NEW YORK ( – New York City is not a friendly place for young Black males, according to Bob Law, state co-chairman of the local organizing committees for the Millions More Movement. “We have to decide that we have the responsibility for stabilizing our community,” Mr. Law explained to those, who back in November, attended a Brooklyn LOC rally to ‘stop the violence.’

New York City saw a 17 percent jump (6,867) in juvenile delinquency cases in Family Court in 2005, according to an NYPD database. Another alarming statistic is that 93 percent of those committing murder in the city are between the ages of 18 to 24; and 90 percent of that number are Black and Latino. Fifty-seven percent of homicide victims are between the ages of 25-40 with 82 percent being male–90 percent Black and Latino.

A recent report entitled “Fight Crime: Invest In Kids,” written by professors from the John Jay College of Criminal Justice and the City University of New York states: “On school days, the prime time for youth crime in New York is from 3 p.m. to 6 p.m. The crimes that occur are serious and violent, including murders, rapes, robberies and aggravated assaults.”


“We must find the means as a community to begin to raise Black boys into strong Black men,” Mr. Law explained to a gathering of concerned citizens in Brooklyn on Dec. 13, the occasion was an “Evening of Dinner and Dialogue.”

Heading the dialogue was activist and author, Dr.

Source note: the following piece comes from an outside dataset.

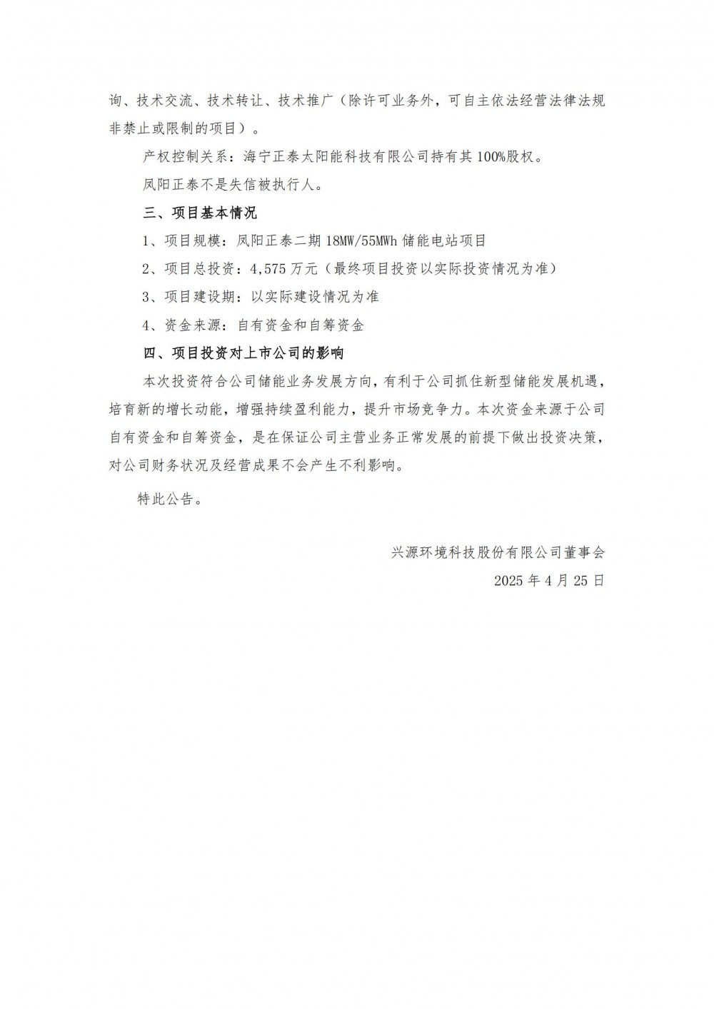 4月27日,兴源环境发布公告称,为加强优质资产储备,加快储能业务布局,公司全资子公司滁州嘉储科技有限公司拟与凤阳正泰太阳能科技有限公司签订建设规模为18MW/55MWh的二期储能电站项目。滁州嘉储负责储能电站项目的投资、建设,项目计划投资额为4,575万元。

Jawanza Kunjufu, Ph.D. who laid out for the audience some rather compelling data. “In 1920, 90 percent of Black youth had a father in the home. In 1960 that number had dropped to 80 percent; and in 2006 32 percent,” the author of some 27 books stated.

Dr. Kunjufu also stated that 75 percent of Black males in jail come from failing schools; and cannot read above a sixth grade level.

Gary Beidleman is a principal at the Foundations Academy in the Bedford-Stuyvesant section of Brooklyn. “Parents have to have more trust in the school system and of course we need more parental involvement,” Mr. Beidleman said.

Mr. Law said that the ultimate goal of the SOS program is to develop ‘peace keepers units’ that will patrol the streets in the Black community of New York City’s five boroughs.